Have you heard about Silent Data Corruption (SDC)? It’s everywhere and yet in the storage networking world, you can hardly find a storage vendor talking about it.
I did a paper for MNCC (Malaysian National Computer Confederation) a few years ago and one of the examples I used was what they found at CERN. CERN, the European Center for Nuclear Research published a paper in 2007 describing the issue of SDC. Later in 2008, they found approximately 38,000 files were corrupted in the 15,000TB of data they generated. Therefore SDC is very real and yet to the people in the storage networking industry, where data matters the most, it is one of the issues that is the least talked about.
What is Silent Data Corruption? Every computer component that we use is NOT perfect. It could be the memory; it could be the network interface cards (NICs); it could be the hard disk; it could also be the bus, the file system, the data block structure. Any computer component, whether it is hardware or software, which deals with the bits of data is subjected to the concern of SDC.
Data corruption happens all the time. It is when a bit or a set of bits is changed unintentionally due to various reasons. Some of the reasons are listed below:
- Hardware errors
- Data transfer noise
- Electromagnetic Interference (EMI)
- Firmware bugs
- Software bugs
- Poor electrical current distribution
- Many more …
And that is why there are published statistics for some hardware components such as memory, NICs, hard disks, and even protocols such as Fibre Channel. These published statistics talk about BER or bit-error-rate, which is the occurrence of an erroneous bit in every billion or trillion of bits transferred or processed.

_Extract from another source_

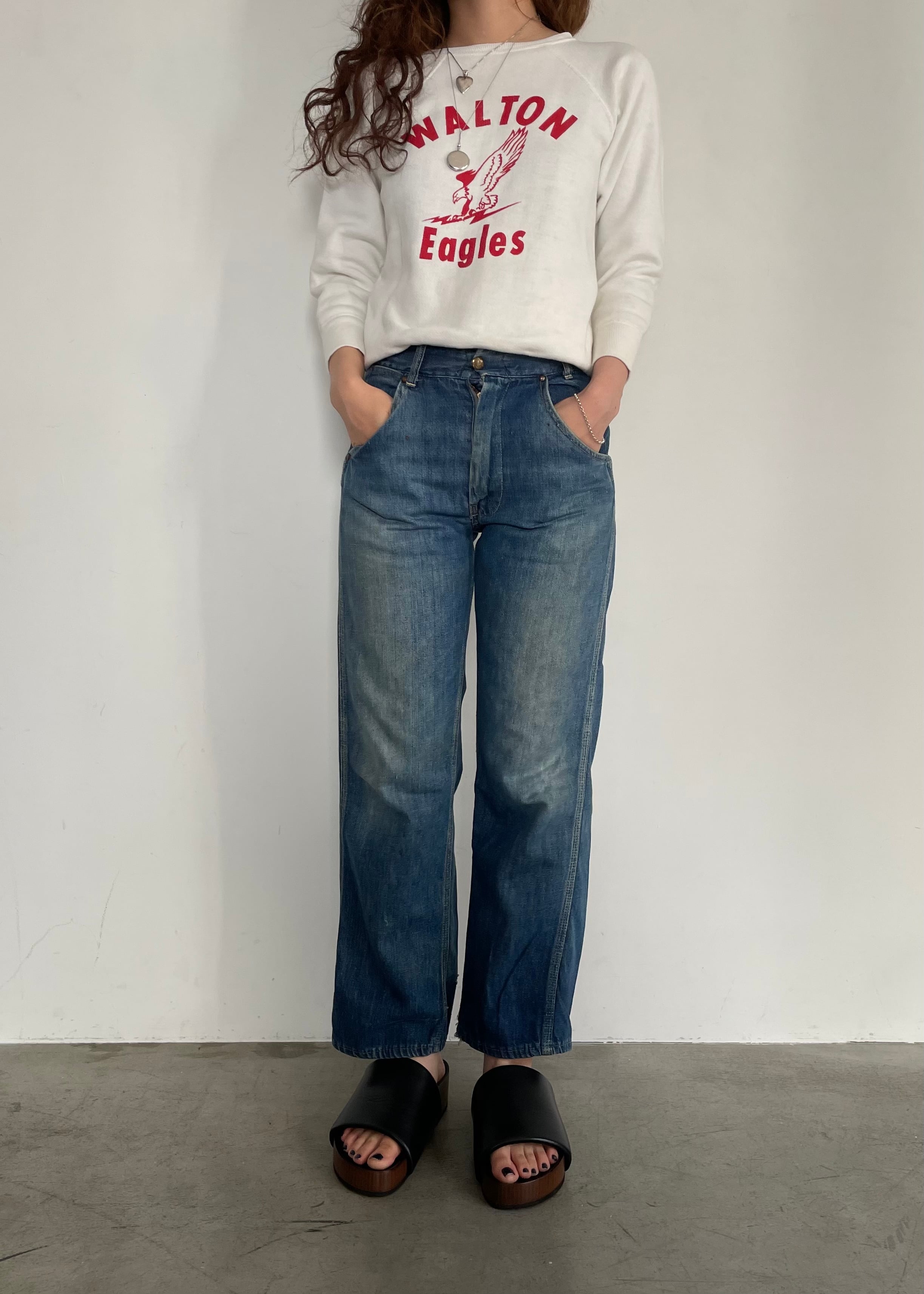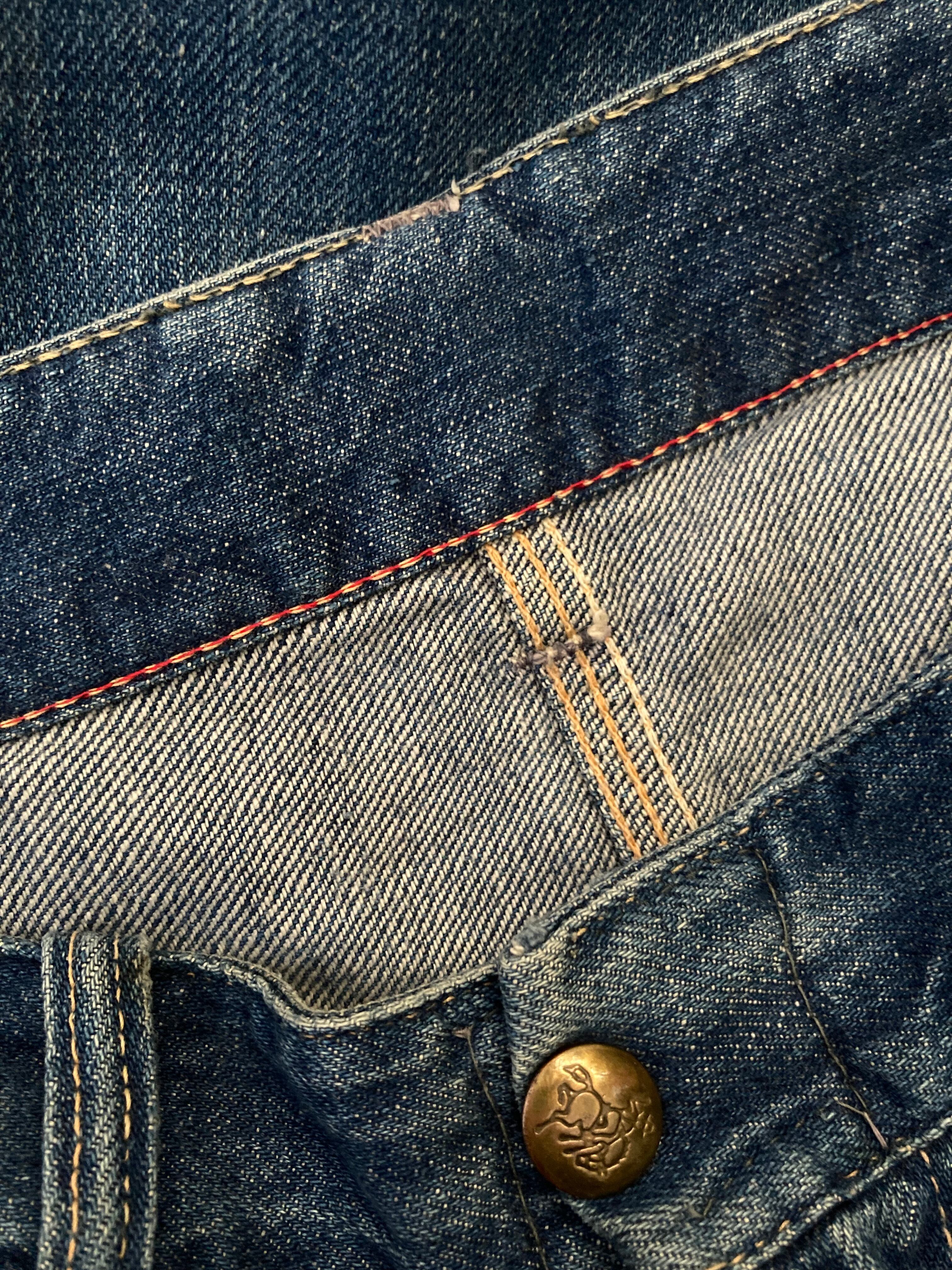 コの字zipper、イエローステッチ、縦落ちが、、、そんな細かいことより履いたらとても可愛いデニムです。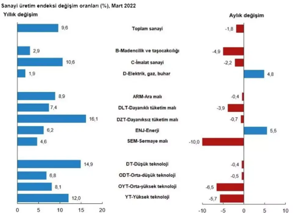 Sanayinin alt sektörleri incelendiğinde, 2022 yılı Mart ayında madencilik ve taş ocakçılığı sektörü endeksi bir önceki aya göre %4,9 ve imalat sanayi sektörü endeksi %2,2 azalırken, elektrik, gaz, buhar ve iklimlendirme üretimi ve dağıtımı sektörü endeksi %4,8 arttı. (bigpara)

And it is also why there are inherent mechanisms within these channels to detect data corruption. We see them all the time in things such as checksums (CRC32, SHA1, MD5 …), parity and ECC (error correction code). Because we can detect them, we see errors and warnings about their existence.
However, SILENT data corruption does not appear as errors and warnings, and they do OCCUR! And this problem is getting more and more prevalent in modern day disk drives, especially solid state drives (SSDs). As the disk manufacturers are coming out with more compact, higher capacity and performance drives, the cell geometry of SSDs are becoming smaller and smaller. This means each cell will have a smaller area to contain the electrical charge and maintain the bit-value, either a -0 or -1. At the same time, the smaller cell is more sensitive and susceptible to noise, electrical charge leakage and interference of nearby cells as some SSDs has different power modes to address green requirements.
When such things happen, a 0 can look like a 1 or vice versa and if the error is undetected, this becomes silent data corruption.
Most common storage networking technology such as RAID or file systems were introduced during the 80’s or 90’s when disks were 9GB, 18GB and so on, and FastEthernet was the standard for networking. Things have changed at a very fast pace, and data growth has been phenomenal. We need to look at storage vendors’ technology more objectively now and get more in-depth about issues such as SDC.
SDC is very real but until and unless we learn and equip ourselves with the knowledge, just don’t take things from vendors verbatim. Find out … and be in control of what you are putting into your IT environment.